Thursday, March 15, 2012

7 Scientific Reasons You'll Turn Out Just Like Your Parents

From Cracked, courtesy of a buddy on facebook:

Old people are cranky, slow and boring. Kids are noisy, restless and irritating. For most of us, life is about making sure we stay as awesome as we are right now -- we'll always love our video games, and music, and eating burritos at two in the morning after the bars closed. Isn't that what all the commercials tell us, that you're only as old as you feel?

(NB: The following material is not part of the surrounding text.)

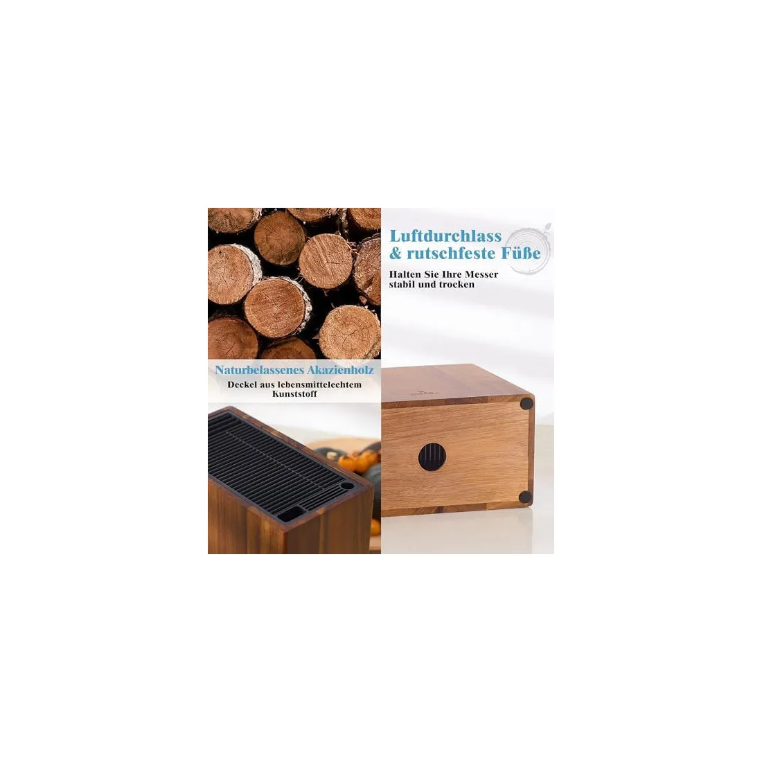 - Lemn natural de salcâm și capac din plastic alimentar: Lemnul de salcâm este renumit pentru durabilitate și rezistență, cu un aspect natural deosebit care se potrivește oricărei bucătării. Depozitarea cuțitelor într-un suport din lemn previne tocirea prematură a lamelor, evitând frecarea cu alte metale. Capacul din plastic este rezistent, fără a lăsa urme vizibile pe lame.

Well, science has some bad news for you. The behaviors of the elderly that you write off as old-person lameness, and your behavior that the elderly credit to dickish rebellion, are all based in biology. And no, you can't stop it.


Click here to read 'em.

So I, and probably most Americans, have been operating on a somewhat dubious principle in our dealings with the rest of the human race: people's behaviors and attitudes are mostly governed by conscious thought. I mean, people's behaviors and attitudes are governed mostly by conscious thought, but I, for one, have wildly underestimated biology, hormones, and genetically hardwired routines in human interaction for most of my life. Actually, I probably continue to do so, but I'm trying to catch up.

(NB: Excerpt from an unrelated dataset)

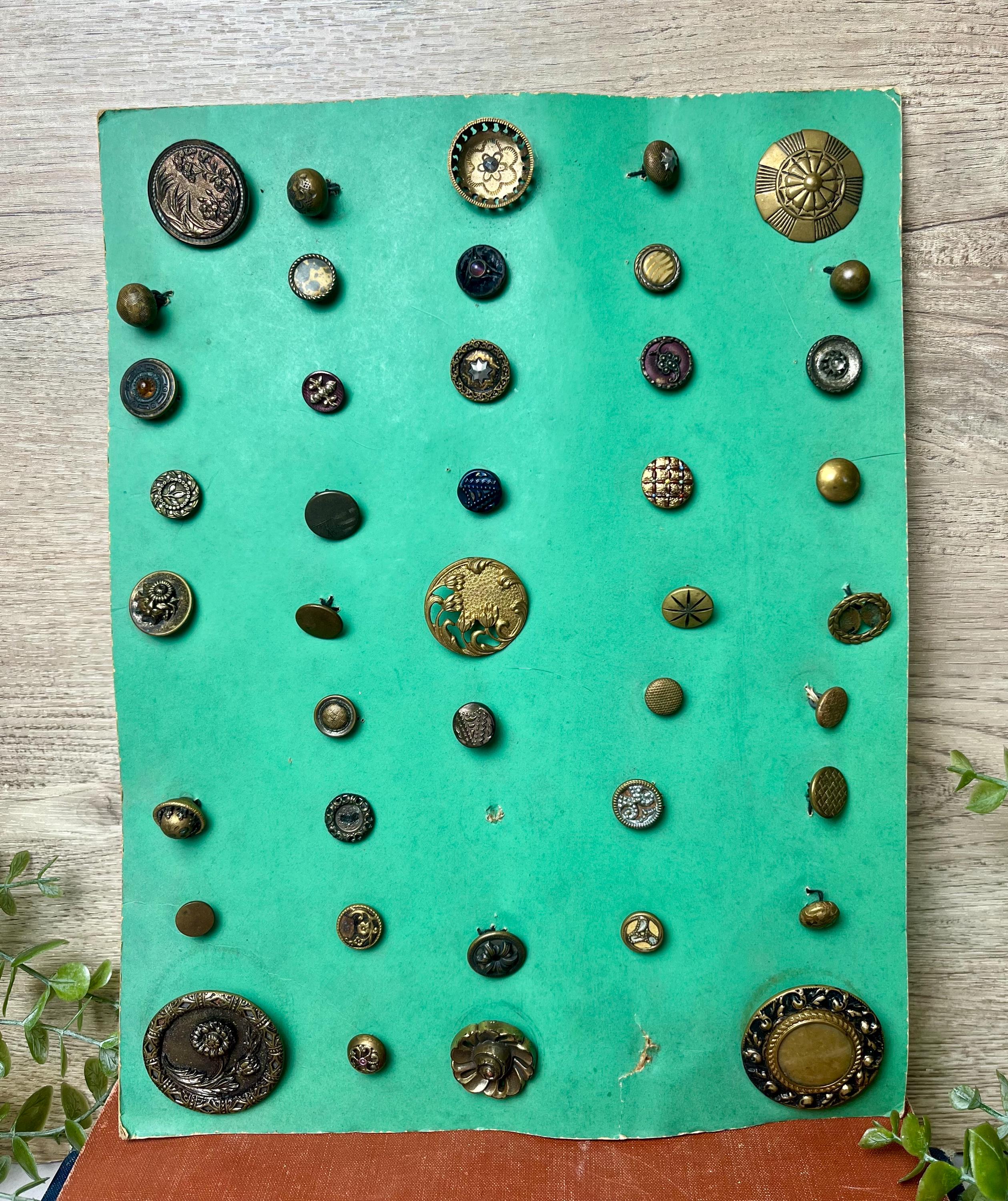 📏 Details • Era: Late 19th century to 1940s • Materials: Brass, metal, glass, jet, novelty plastics • Condition: In good antique condition with expected light age wear and patina • Boards are sold individually, but can be purchased together as a collection.

For me, this all began a few years ago when I started reading George Lakoff essays about conservative versus liberal attitudes. In a particular interview with him, he asserted that logic, within the human mind, is inextricably intertwined with emotion. That is, there can be no such thing as a purely logical decision; logic is always associated with emotion, whether you like it or not. It is an easy conclusion to make, and further reading on my part has supported this, that humans aren't really logical. We are, first and foremost, biological creatures, subject to our own physicality, which includes the brain, an important and complex organ, but an organ nonetheless. That is, logic, while valuable, is simply an intellectual construction of the human brain, rather than our natural way of understanding the universe. In short, we must make an effort to be reasonable.

Don't get me wrong: human beings do have a great deal of conscious control over their own thoughts and behaviors, but looking back on that great literary theme we all study in high school, reason versus passion, I find myself reevaluating the impact of passion, or rather biology, in the overall equation. Passion apparently counts for a whole lot more than I could have possibly imagined a decade ago.

I have no idea where this notion will eventually take me.